European stocks mixed; UBS, Vodafone disappoint with earnings

Published 02/04/2025, 04:06 PM
Updated 02/04/2025, 07:10 PM
© Reuters.

Investing.com - European stock markets traded in a mixed fashion Tuesday as investors fretted over the start of a trade war between China and the US, while digesting a slew of quarterly earning reports.

At 06:05 ET (11:05 GMT), the DAX index in Germany gained 0.1% and the CAC 40 in France rose 0.1%, while the FTSE 100 in the UK fell 0.1%.

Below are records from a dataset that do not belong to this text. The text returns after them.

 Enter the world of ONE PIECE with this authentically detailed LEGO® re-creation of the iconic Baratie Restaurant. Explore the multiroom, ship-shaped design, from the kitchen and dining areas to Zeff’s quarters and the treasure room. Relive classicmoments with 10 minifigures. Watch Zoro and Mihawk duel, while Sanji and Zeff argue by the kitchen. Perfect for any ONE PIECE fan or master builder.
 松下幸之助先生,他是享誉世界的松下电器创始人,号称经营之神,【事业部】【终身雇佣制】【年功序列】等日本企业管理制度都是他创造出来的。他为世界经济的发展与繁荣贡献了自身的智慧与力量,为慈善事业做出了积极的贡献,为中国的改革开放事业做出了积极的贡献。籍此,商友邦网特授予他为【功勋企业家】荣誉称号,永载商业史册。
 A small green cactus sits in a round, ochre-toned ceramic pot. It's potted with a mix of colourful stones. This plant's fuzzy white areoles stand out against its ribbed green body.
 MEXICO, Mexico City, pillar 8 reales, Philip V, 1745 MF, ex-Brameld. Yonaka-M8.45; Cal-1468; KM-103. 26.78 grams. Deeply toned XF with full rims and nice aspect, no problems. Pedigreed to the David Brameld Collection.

Trade war fears hit sentiment

US President Donald Trump’s previously announced 10% tariffs on China took effect earlier Tuesday, with the deadline passing without any word from the White House on relief. 

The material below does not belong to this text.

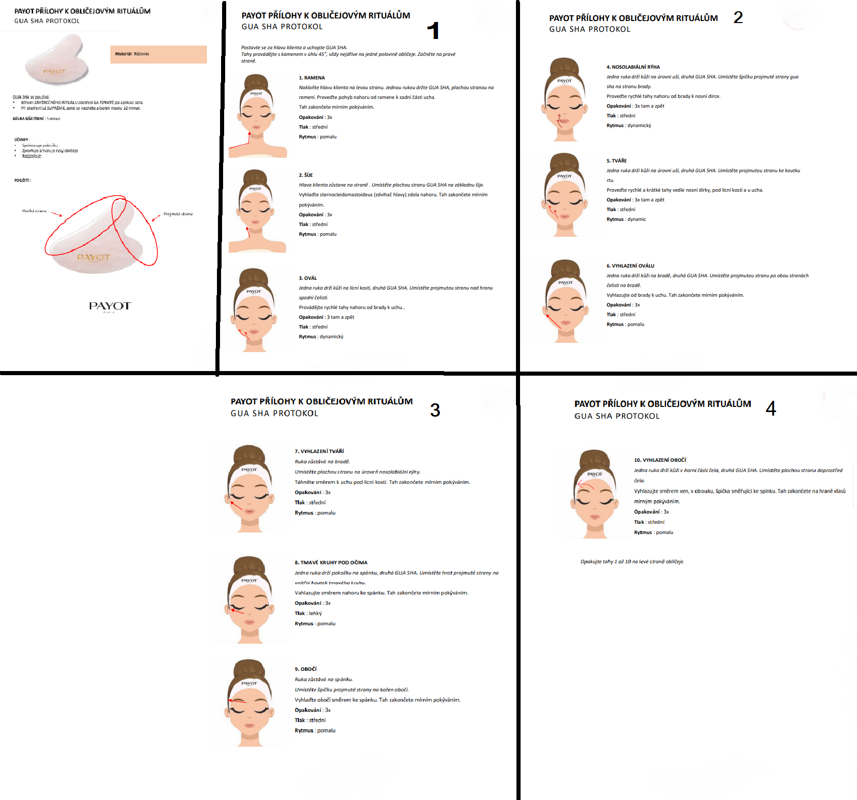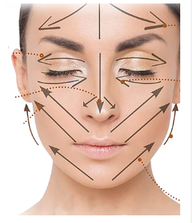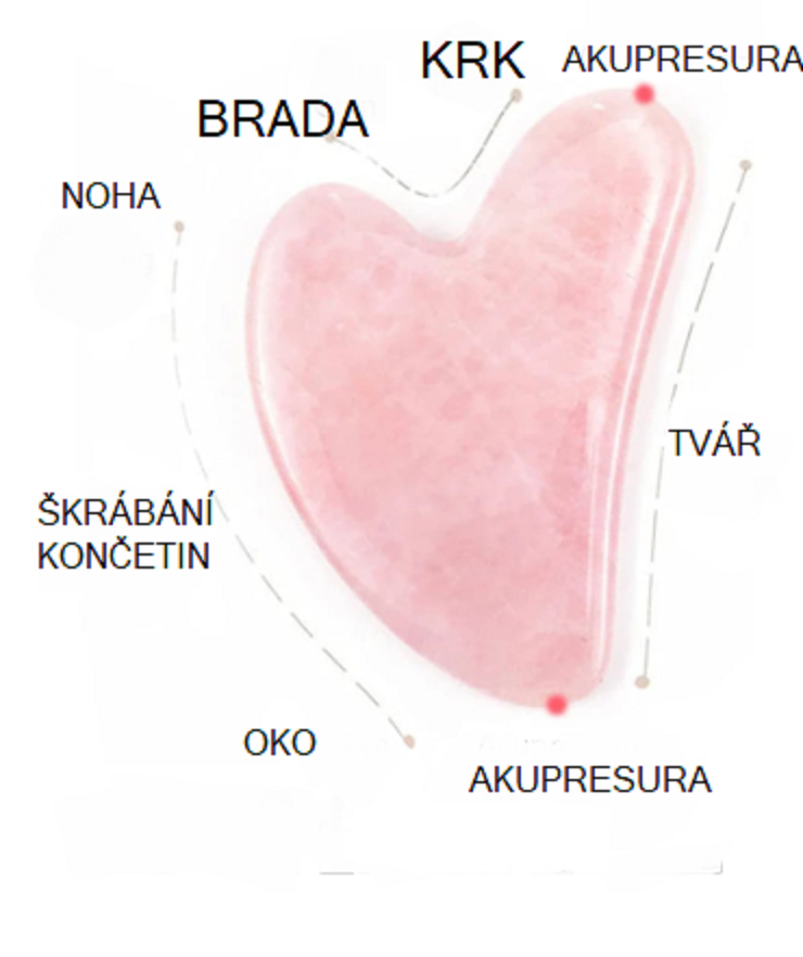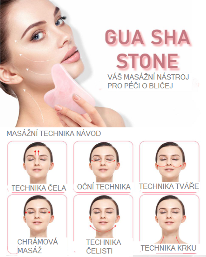 - Ťahmi smerom nahor jemne prechádzajte guašovou doskou po čele, lícach, perách a krku. Ak máte opuchnuté oči alebo vačky pod očami, zatvorte oči a jemne prevráťte viečka.

Beijing retaliated, announcing early Tuesday that it would levy tariffs of up to 15% on select US imports, including on crude oil, and also announced an antitrust probe into Google (NASDAQ:GOOGL), and added clothing firm PVH Corp (NYSE:PVH) and biotechnology firm Illumina (NASDAQ:ILMN) to a list of unreliable entities. 

The retaliatory measures pointed to the start of a renewed trade war between the world’s biggest economies, with investors now bracing for escalation, which is likely to further destabilize global trade. 

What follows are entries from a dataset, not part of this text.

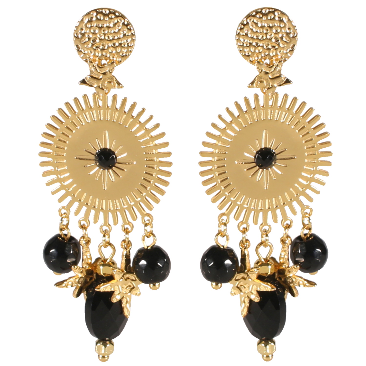 Description Boucles d'oreilles pendantes composées d'une puce ronde martelée, d'une étoile et d'une pastille ronde au contour en forme de rayons en acier doré avec gravure d'étoile incrustée d'un cristal de couleur noire, ainsi que de pampilles en forme d'étoile en acier doré et de perles de couleur noire. Largeur 23 mm Hauteur 58 mm Matière(s) Acier , Rocaille . L'acier utilisé dans la bijouterie existe sous plusieurs qualités. Nous utilisons principalement la qualité 316L, qualité qui est utilisée en chirurgie. Cet acier est donc inoxydable et reste très résistant. Fermoir Tiges poussettes Couleur(s) dominante(s) Doré , Noir Public Adolescent , Adulte . Genre Femme , Fille . Saison Indémodable . Thème(s) Nature . Cliquez sur une matière, un thème, une couleur ou une collection pour voir tous les articles associés.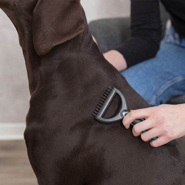 - zum Entfilzen und Ausdünnen - schneidet kleine Verfilzungen schonend heraus - glättet das Deckhaar und verfilzte Unterwolle - 1 cm Zinkenlänge - Kunststoffgriff mit Gummieinlage/Metall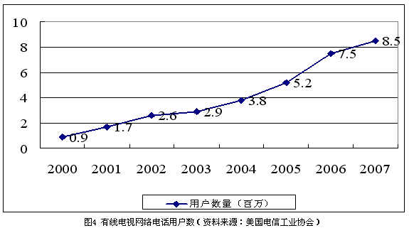 隨著有線電視用戶(hù)數(shù)量逐漸達(dá)到飽和,有線電視公司也在積極尋找新的利潤(rùn)增長(zhǎng)點(diǎn)。在過(guò)去的7年中,有線電視公司投入了高達(dá)800億美元的資金用于網(wǎng)絡(luò)升級(jí)改造,現(xiàn)在,大部分有線電視網(wǎng)絡(luò)已經(jīng)可以提供包括寬帶接入、本地和長(zhǎng)途電話、數(shù)字電視、視頻點(diǎn)播等在內(nèi)的一攬子服務(wù)。到2004年末,有線電視公司已經(jīng)擁有超過(guò)380萬(wàn)的本地電話用戶(hù)。根據(jù)美國(guó)電信工業(yè)協(xié)會(huì)的估算,到2007年,全美將會(huì)有超過(guò)800萬(wàn)的用戶(hù)選擇基于有線電視網(wǎng)的基本電信業(yè)務(wù),如圖4所示。

Sentiment had received a boost late Monday after Trump had postponed a proposed 25% import duty on Canada and Mexico by 30 days. But he offered no such forgiveness for China, and is only set to speak with President Xi Jinping later in the week. 

UBS’s Q4 disappoints

There is little on the European economic data slate Tuesday, so investors will focus on the quarterly earnings season, with a number of the region’s senior companies reporting.

UBS (NYSE:UBS) stock fell 5.5% as the share buyback program of up to $3 billion for this year announced by the Swiss banking giant failed to offset disappointment over its underwhelming fourth-quarter profit.

BNP Paribas (OTC:BNPQY) stock rose 1.9% after the eurozone’s biggest bank by assets reported a forecast-beating jump in net income in the fourth quarter, overshadowing the lowering a key profit target for 2025.

Diageo (LON:DGE) stock fell 1.7% after the world’s top spirits maker withdrew its medium-term organic sales growth target, citing macroeconomic and geopolitical uncertainty hurting the pace of its recovery.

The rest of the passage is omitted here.